According to the present embodiment, as shown by the arrow 101 of FIG. 5, the upper inner surface 57a of the duct frame 57 is inclined upward; accordingly, the heat 100 generated from the fixing device 9 moves obliquely upward along the upper inner surface 57a of the duct frame 57, and is discharged from the aperture portion 57b to the outside of the duct frame 57. And, by making outside air blow from the side surface of the printer 1 into the printer 1 by means of the fan 60 toward the aperture portion 57b and the wasted toner portion 12, or by exhaling air in the printer 1, it is possible to effectively cool the wasted heat from the aperture portion 57b and also cool the wasted toner portion 12. Further, the duct frame 57 is formed of a sheet metal; accordingly, heat radiation effect rises higher than the first embodiment that uses the duct frame 55 formed of a resin, and it is possible to raise cooling efficiency higher.

Third Embodiment

FIG. 8 is a left side sectional view showing a structure near the fixing device 9 of an image forming apparatus (printer 1) according to a third embodiment.

Like in the first embodiment, the duct frame 55 is formed of a resin, mounted between the two side plates (not shown) that are disposed to oppose each other, disposed right over the fixing device 9 and a lower surface is opened. The guide member 56 on the bent inner side of the sixth conveyance path L6 is disposed on the upper portion of the duct frame 55. In the third embodiment, the upper inner surface 55a of the duct frame 55 is inclined upward (the short-edge direction of the duct frame 55) when seeing from the rotating shaft direction, and specifically, inclined to rise toward the sixth conveyance path L6.

The inclined upper end portion of the upper inner surface 55a of the duct frame 55 is provided with the aperture portion 55b from which the heat 100 generated from the fixing device 9 is discharged to the outside of the duct frame 55. For example, it is possible to form the aperture portion 55b into a slit shape, and provide the inclined upper end portion of the duct frame 55 with the aperture portion 55b at several places in the long-edge direction of the duct frame 55, namely, in the rotating shaft direction.

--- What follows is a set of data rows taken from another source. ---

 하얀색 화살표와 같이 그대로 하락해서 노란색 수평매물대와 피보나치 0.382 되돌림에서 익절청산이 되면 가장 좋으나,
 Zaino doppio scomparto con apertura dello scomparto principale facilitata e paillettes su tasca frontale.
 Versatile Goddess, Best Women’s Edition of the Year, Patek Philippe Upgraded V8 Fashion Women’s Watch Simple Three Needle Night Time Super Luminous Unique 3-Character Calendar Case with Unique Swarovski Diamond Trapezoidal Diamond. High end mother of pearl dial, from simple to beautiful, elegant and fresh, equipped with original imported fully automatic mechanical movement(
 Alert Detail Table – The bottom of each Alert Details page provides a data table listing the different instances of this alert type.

Besides, like in the first and second embodiments, any one of the two side plates is provided with an aperture portion that exposes at least the side end surface of the inclined upper end portion of the upper inner surface 55a of the duct frame 55 and a side end surface of the sixth conveyance path L6. The fan 60 is disposed in the aperture portion of the side plate.

According to the present embodiment, as shown by the arrow 101 of FIG. 8, the upper inner surface 55a of the duct frame 55 is inclined upward; accordingly, the heat 100 generated from the fixing device 9 moves obliquely upward along the upper inner surface 55a of the duct frame 55, and is discharged from the aperture portion 55b to the outside of the duct frame 55. And, by making outside air blow from the side surface of the printer 1 into the printer 1 by means of the fan 60 toward the aperture portion 55b and the sixth conveyance path 6L, or by exhaling air in the printer 1, it is possible to effectively cool the wasted heat from the aperture portion 55b. Besides, it is also possible to cool the sixth conveyance path L6; accordingly, it is also possible to cool, at the same time, the sheet that is conveyed in the six conveyance path L6 and delivered from the sheet delivery portion 50.

Fourth Embodiment

FIG. 9 is a left side sectional view showing a structure near the fixing device 9 of an image forming apparatus (printer 1) according to a fourth embodiment.

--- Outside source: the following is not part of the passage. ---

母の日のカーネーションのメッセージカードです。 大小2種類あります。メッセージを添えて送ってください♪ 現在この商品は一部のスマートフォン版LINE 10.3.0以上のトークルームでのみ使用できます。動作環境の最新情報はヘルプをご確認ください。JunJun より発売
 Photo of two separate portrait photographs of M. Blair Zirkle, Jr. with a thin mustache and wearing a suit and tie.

The duct frame 57 is formed of a sheet metal. The duct frame 57 is mounted between the two side plates 70L, 70R that are disposed to oppose the respective sides in the rotating shaft direction. The duct frame 57 is disposed right over the fixing device 9 and the lower surface is opened. The upper inner surface 57a of the duct frame 57 is inclined when seeing from the rotating shaft direction, specifically, inclined to rise toward the wasted toner portion 12.

The inclined upper end portion of the upper inner surface 57a of the duct frame 57 is provided with the aperture portion 57b from which the heat 100 generated from the fixing device 9 is discharged to the outside of the duct frame 57. For example, it is possible to form the aperture portion 57b into a slit shape, and provide the aperture portion 57b at several places in the long-edge direction of the duct frame 57, namely, in the rotating shaft direction.

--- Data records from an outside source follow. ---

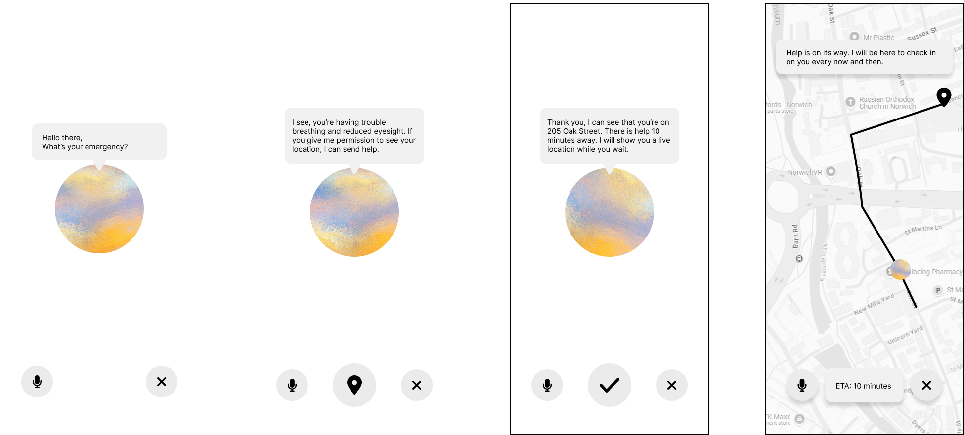 - Live voice transcription capturing caller input in real time, enabling accessible and hands-free interaction during emergency situations.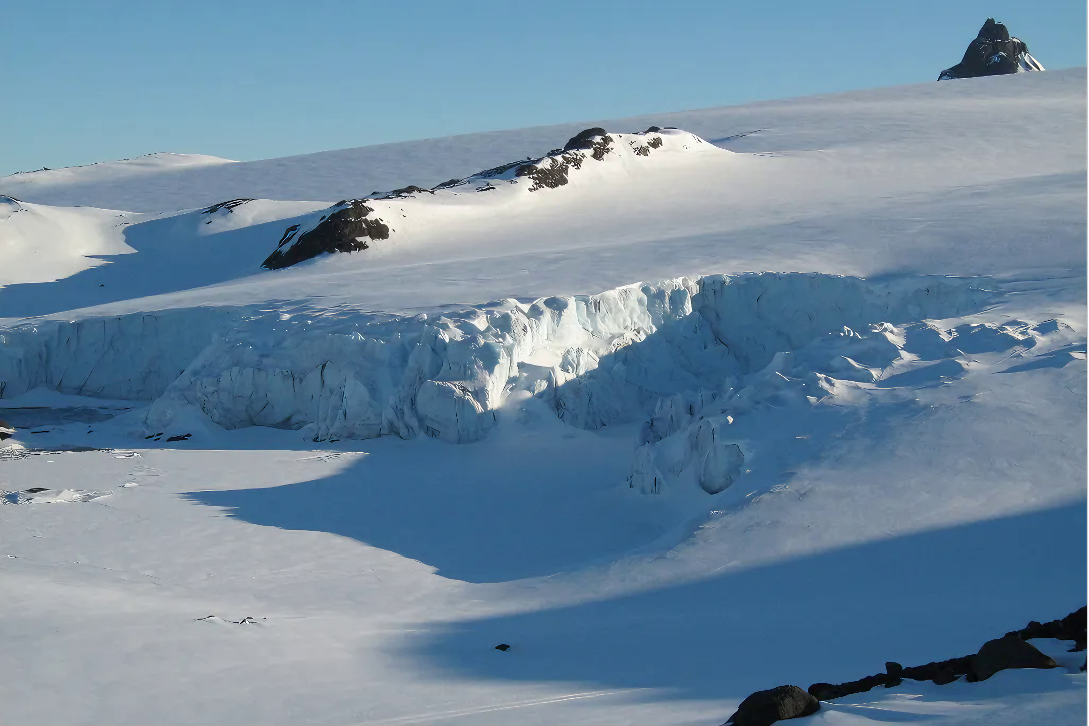 벨과 스토크스는 빙하를 오르며 당시에는 안전하다고 생각한 크레바스 지역을 통과했다.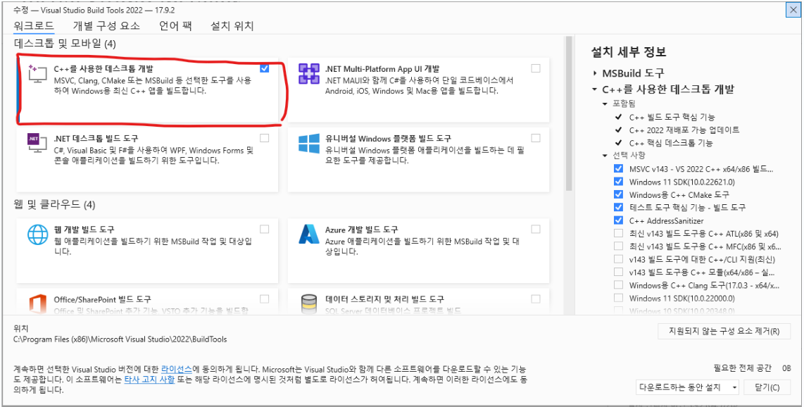 'C++를 사용한 데스크톱 개발'을 체크하고 설치한다.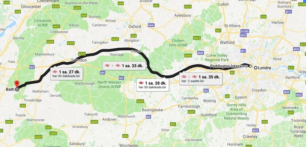 | Tren kullanarak Londra’dan Bath kentine Paddington tren istasyonundan 1.5 saatte gidebilirsiniz. |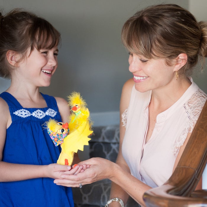 - Our 6 inch yellow duck is holding up a 3 inch yellow ducky in her outstretched wings; the pair is standing on a green base. The little one has on a green satin ribbon bow tie and looks really cute with its tufted hair on its head and backside.

Besides, like in the first to third embodiments, any one of the two the side plates is provided with an aperture portion that exposes at least the side end surface of the inclined upper end portion of the upper inner surface 57a of the duct frame 57 and the side end surface of the sixth conveyance path 6L. The fan 60 is disposed in the aperture portion of the side plate.

According to the present embodiment, as shown by the arrow 101 of FIG. 9, the upper inner surface 57a of the duct frame 57 is inclined upward; accordingly, the heat 100 generated from the fixing device 9 moves obliquely upward along the upper inner surface 57a of the duct frame 55, and is discharged from the aperture portion 57b to the outside of the duct frame 57. And, by making outside air blow from the side surface of the printer 1 into the printer 1 by means of the fan 60 toward the aperture portion 57b and the sixth conveyance path 6L, or by exhaling air in the printer 1, it is possible to effectively cool the wasted heat from the aperture portion 57b. Besides, it is also possible to cool the sixth conveyance path L6; accordingly, it is also possible to cool, at the same time, the sheet that is conveyed in the six conveyance path L6 and delivered from the sheet delivery portion 50. Further, the duct frame 57 is formed of a sheet metal; accordingly, the heat radiation effect rises higher than the third embodiment that uses the duct frame 55 formed of a resin, and it is possible to raise the cooling efficiency higher.

Fifth Embodiment

FIG. 10 is a left side sectional view showing a structure near the fixing device 9 of an image forming apparatus (printer 1) according to a fifth embodiment.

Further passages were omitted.